Per tutta risposta, quella arriccia un sopracciglio, a esprimere estremo dubbio e una punta di disgusto verso il tipo.

-         Che era?!

-         Cosa “che era”?

-         Quella voce! Ché non L’ ha sentita?

-         Ah, sì, in effetti sì… Ma ho pensato fosse uno di quei mirevoli oggettini che voi giovani vi portate dietro di solito: fanno tanti di quei rumori che io ormai, me lo consenta, non ci faccio mica più caso.

-        Ma che cazzo dice scusi? Non ha sentito che era un di un uomo? Pareva fosse qui sopra!

E alza la testa a scoprire la presenza di un idiota appeso ai rami del castagno sopra di loro.

      -    Eccola!
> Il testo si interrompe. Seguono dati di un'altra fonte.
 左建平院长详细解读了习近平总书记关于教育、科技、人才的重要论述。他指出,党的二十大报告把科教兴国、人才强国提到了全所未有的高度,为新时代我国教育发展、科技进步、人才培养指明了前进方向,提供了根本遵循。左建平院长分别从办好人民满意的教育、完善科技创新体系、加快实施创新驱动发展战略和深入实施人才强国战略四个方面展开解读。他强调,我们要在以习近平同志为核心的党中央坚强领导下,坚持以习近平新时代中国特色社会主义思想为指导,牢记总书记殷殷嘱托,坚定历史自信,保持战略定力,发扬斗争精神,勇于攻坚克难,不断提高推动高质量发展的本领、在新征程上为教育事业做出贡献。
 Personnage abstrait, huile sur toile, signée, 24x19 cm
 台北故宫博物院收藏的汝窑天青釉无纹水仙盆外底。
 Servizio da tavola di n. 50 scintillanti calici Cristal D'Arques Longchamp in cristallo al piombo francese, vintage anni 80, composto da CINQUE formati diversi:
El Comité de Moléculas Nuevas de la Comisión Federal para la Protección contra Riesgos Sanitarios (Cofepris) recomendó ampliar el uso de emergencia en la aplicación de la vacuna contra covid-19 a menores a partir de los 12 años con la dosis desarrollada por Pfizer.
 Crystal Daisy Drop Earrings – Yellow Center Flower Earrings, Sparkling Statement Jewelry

Oh, ma L’ ha sentita?!  Adesso che c’ abbiamo, pure la Voce Narrante?!

      -      A quanto pare… la cosa La disturba?

Strabuzza gli occhi.

Ora li rassottiglia colmi di stizza, volti di nuovo verso un punto indefinito… diciamo i rami dell’ albero.
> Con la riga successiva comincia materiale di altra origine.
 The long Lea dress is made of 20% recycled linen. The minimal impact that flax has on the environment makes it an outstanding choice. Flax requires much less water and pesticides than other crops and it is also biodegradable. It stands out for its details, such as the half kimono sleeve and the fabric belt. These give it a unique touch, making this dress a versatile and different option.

      -     Convengo con Lei, Signorina, che è piuttosto fastidiosa… ma che vogliamo farci, ormai è qui, non la si può mica mandar via. D’ altronde non avrei idea di come fare, a essere sinceri.

     -      A essere sinceri, mi sono pure un po’ stufata: io stavo benissimo per conto mio, La prego di andarvia lei e la sua Voce!

     -     Scusi ma non è mica mia la Voce! Sarà arrivata per conto suo, come Lei sedotta dalla quiete del posto, o come me decisa a farmi gli affari Suoi, o per qualche altro motivo suo… ah, questo mi riporta però sui binari della questione principale, ovvero la mia curiosità verso il Suo stato umorale, Signorina. Cos’ è mi dica… problemi di cuore?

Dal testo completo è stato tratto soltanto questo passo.